[Excerpts from a dataset]
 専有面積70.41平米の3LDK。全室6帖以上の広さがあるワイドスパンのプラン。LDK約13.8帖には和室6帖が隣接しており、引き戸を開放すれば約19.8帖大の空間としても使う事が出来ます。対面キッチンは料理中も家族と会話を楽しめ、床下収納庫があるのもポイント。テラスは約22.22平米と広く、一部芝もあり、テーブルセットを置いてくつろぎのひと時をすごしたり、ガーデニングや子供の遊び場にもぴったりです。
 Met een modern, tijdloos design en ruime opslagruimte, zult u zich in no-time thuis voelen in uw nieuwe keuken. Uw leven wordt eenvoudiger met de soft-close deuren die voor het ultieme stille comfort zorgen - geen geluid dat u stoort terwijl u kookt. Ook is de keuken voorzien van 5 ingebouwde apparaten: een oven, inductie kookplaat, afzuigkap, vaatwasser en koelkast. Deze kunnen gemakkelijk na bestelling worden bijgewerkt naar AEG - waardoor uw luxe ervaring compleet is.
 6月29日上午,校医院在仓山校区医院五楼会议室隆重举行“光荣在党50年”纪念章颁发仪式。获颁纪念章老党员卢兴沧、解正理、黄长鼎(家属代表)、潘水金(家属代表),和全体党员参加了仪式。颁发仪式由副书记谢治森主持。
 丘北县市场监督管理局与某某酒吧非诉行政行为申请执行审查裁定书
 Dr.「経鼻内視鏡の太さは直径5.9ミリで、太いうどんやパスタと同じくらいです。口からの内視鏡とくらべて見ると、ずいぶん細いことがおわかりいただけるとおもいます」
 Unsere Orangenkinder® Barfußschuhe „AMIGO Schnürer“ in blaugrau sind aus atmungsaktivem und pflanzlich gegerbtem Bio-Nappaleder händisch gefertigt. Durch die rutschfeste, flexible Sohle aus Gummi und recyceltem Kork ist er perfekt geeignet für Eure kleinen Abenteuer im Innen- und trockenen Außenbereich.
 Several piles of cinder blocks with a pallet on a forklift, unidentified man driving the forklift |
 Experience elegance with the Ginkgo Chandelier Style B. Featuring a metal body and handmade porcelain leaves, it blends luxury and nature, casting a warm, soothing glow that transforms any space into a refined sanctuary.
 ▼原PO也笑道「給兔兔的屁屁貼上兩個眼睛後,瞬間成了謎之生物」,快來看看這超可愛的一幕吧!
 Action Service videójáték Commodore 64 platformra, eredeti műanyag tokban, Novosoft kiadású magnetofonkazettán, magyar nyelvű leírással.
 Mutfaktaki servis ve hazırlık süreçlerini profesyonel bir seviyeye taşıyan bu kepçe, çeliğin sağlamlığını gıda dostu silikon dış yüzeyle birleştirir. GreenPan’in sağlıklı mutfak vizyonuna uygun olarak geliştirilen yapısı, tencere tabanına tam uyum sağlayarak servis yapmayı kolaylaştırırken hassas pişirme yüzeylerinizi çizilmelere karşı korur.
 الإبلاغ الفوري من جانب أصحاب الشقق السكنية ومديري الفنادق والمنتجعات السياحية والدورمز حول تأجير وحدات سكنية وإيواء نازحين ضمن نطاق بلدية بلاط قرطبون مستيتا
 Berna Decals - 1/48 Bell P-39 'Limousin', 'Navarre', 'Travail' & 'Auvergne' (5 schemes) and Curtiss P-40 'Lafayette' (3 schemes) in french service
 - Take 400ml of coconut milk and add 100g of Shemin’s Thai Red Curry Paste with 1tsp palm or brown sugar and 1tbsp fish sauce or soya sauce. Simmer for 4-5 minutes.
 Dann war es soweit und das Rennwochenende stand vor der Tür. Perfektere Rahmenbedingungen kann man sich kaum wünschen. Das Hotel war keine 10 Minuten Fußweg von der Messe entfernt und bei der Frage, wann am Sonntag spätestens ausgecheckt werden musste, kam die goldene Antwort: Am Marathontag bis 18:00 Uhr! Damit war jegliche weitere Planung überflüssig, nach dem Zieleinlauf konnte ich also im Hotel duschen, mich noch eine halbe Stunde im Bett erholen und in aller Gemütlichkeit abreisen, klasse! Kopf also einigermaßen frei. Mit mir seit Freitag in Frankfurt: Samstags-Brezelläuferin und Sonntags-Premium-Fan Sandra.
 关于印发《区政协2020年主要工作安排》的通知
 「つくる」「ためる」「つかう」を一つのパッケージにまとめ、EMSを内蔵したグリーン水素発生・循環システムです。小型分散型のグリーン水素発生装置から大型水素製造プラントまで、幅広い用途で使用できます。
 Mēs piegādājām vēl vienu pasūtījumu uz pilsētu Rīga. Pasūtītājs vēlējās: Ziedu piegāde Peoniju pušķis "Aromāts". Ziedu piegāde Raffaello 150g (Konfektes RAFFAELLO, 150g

■ **Work required**: Print all the records precisely.

■ **Output for this task**:
 専有面積70.41平米の3LDK。全室6帖以上の広さがあるワイドスパンのプラン。LDK約13.8帖には和室6帖が隣接しており、引き戸を開放すれば約19.8帖大の空間としても使う事が出来ます。対面キッチンは料理中も家族と会話を楽しめ、床下収納庫があるのもポイント。テラスは約22.22平米と広く、一部芝もあり、テーブルセットを置いてくつろぎのひと時をすごしたり、ガーデニングや子供の遊び場にもぴったりです。
 Met een modern, tijdloos design en ruime opslagruimte, zult u zich in no-time thuis voelen in uw nieuwe keuken. Uw leven wordt eenvoudiger met de soft-close deuren die voor het ultieme stille comfort zorgen - geen geluid dat u stoort terwijl u kookt. Ook is de keuken voorzien van 5 ingebouwde apparaten: een oven, inductie kookplaat, afzuigkap, vaatwasser en koelkast. Deze kunnen gemakkelijk na bestelling worden bijgewerkt naar AEG - waardoor uw luxe ervaring compleet is.
 6月29日上午,校医院在仓山校区医院五楼会议室隆重举行“光荣在党50年”纪念章颁发仪式。获颁纪念章老党员卢兴沧、解正理、黄长鼎(家属代表)、潘水金(家属代表),和全体党员参加了仪式。颁发仪式由副书记谢治森主持。
 丘北县市场监督管理局与某某酒吧非诉行政行为申请执行审查裁定书
 Dr.「経鼻内視鏡の太さは直径5.9ミリで、太いうどんやパスタと同じくらいです。口からの内視鏡とくらべて見ると、ずいぶん細いことがおわかりいただけるとおもいます」
 Unsere Orangenkinder® Barfußschuhe „AMIGO Schnürer“ in blaugrau sind aus atmungsaktivem und pflanzlich gegerbtem Bio-Nappaleder händisch gefertigt. Durch die rutschfeste, flexible Sohle aus Gummi und recyceltem Kork ist er perfekt geeignet für Eure kleinen Abenteuer im Innen- und trockenen Außenbereich.
 Several piles of cinder blocks with a pallet on a forklift, unidentified man driving the forklift |
 Experience elegance with the Ginkgo Chandelier Style B. Featuring a metal body and handmade porcelain leaves, it blends luxury and nature, casting a warm, soothing glow that transforms any space into a refined sanctuary.
 ▼原PO也笑道「給兔兔的屁屁貼上兩個眼睛後,瞬間成了謎之生物」,快來看看這超可愛的一幕吧!
 Action Service videójáték Commodore 64 platformra, eredeti műanyag tokban, Novosoft kiadású magnetofonkazettán, magyar nyelvű leírással.
 Mutfaktaki servis ve hazırlık süreçlerini profesyonel bir seviyeye taşıyan bu kepçe, çeliğin sağlamlığını gıda dostu silikon dış yüzeyle birleştirir. GreenPan’in sağlıklı mutfak vizyonuna uygun olarak geliştirilen yapısı, tencere tabanına tam uyum sağlayarak servis yapmayı kolaylaştırırken hassas pişirme yüzeylerinizi çizilmelere karşı korur.
 الإبلاغ الفوري من جانب أصحاب الشقق السكنية ومديري الفنادق والمنتجعات السياحية والدورمز حول تأجير وحدات سكنية وإيواء نازحين ضمن نطاق بلدية بلاط قرطبون مستيتا
 Berna Decals - 1/48 Bell P-39 'Limousin', 'Navarre', 'Travail' & 'Auvergne' (5 schemes) and Curtiss P-40 'Lafayette' (3 schemes) in french service
 - Take 400ml of coconut milk and add 100g of Shemin’s Thai Red Curry Paste with 1tsp palm or brown sugar and 1tbsp fish sauce or soya sauce. Simmer for 4-5 minutes.
 Dann war es soweit und das Rennwochenende stand vor der Tür. Perfektere Rahmenbedingungen kann man sich kaum wünschen. Das Hotel war keine 10 Minuten Fußweg von der Messe entfernt und bei der Frage, wann am Sonntag spätestens ausgecheckt werden musste, kam die goldene Antwort: Am Marathontag bis 18:00 Uhr! Damit war jegliche weitere Planung überflüssig, nach dem Zieleinlauf konnte ich also im Hotel duschen, mich noch eine halbe Stunde im Bett erholen und in aller Gemütlichkeit abreisen, klasse! Kopf also einigermaßen frei. Mit mir seit Freitag in Frankfurt: Samstags-Brezelläuferin und Sonntags-Premium-Fan Sandra.
 关于印发《区政协2020年主要工作安排》的通知
 「つくる」「ためる」「つかう」を一つのパッケージにまとめ、EMSを内蔵したグリーン水素発生・循環システムです。小型分散型のグリーン水素発生装置から大型水素製造プラントまで、幅広い用途で使用できます。
 Mēs piegādājām vēl vienu pasūtījumu uz pilsētu Rīga. Pasūtītājs vēlējās: Ziedu piegāde Peoniju pušķis "Aromāts". Ziedu piegāde Raffaello 150g (Konfektes RAFFAELLO, 150g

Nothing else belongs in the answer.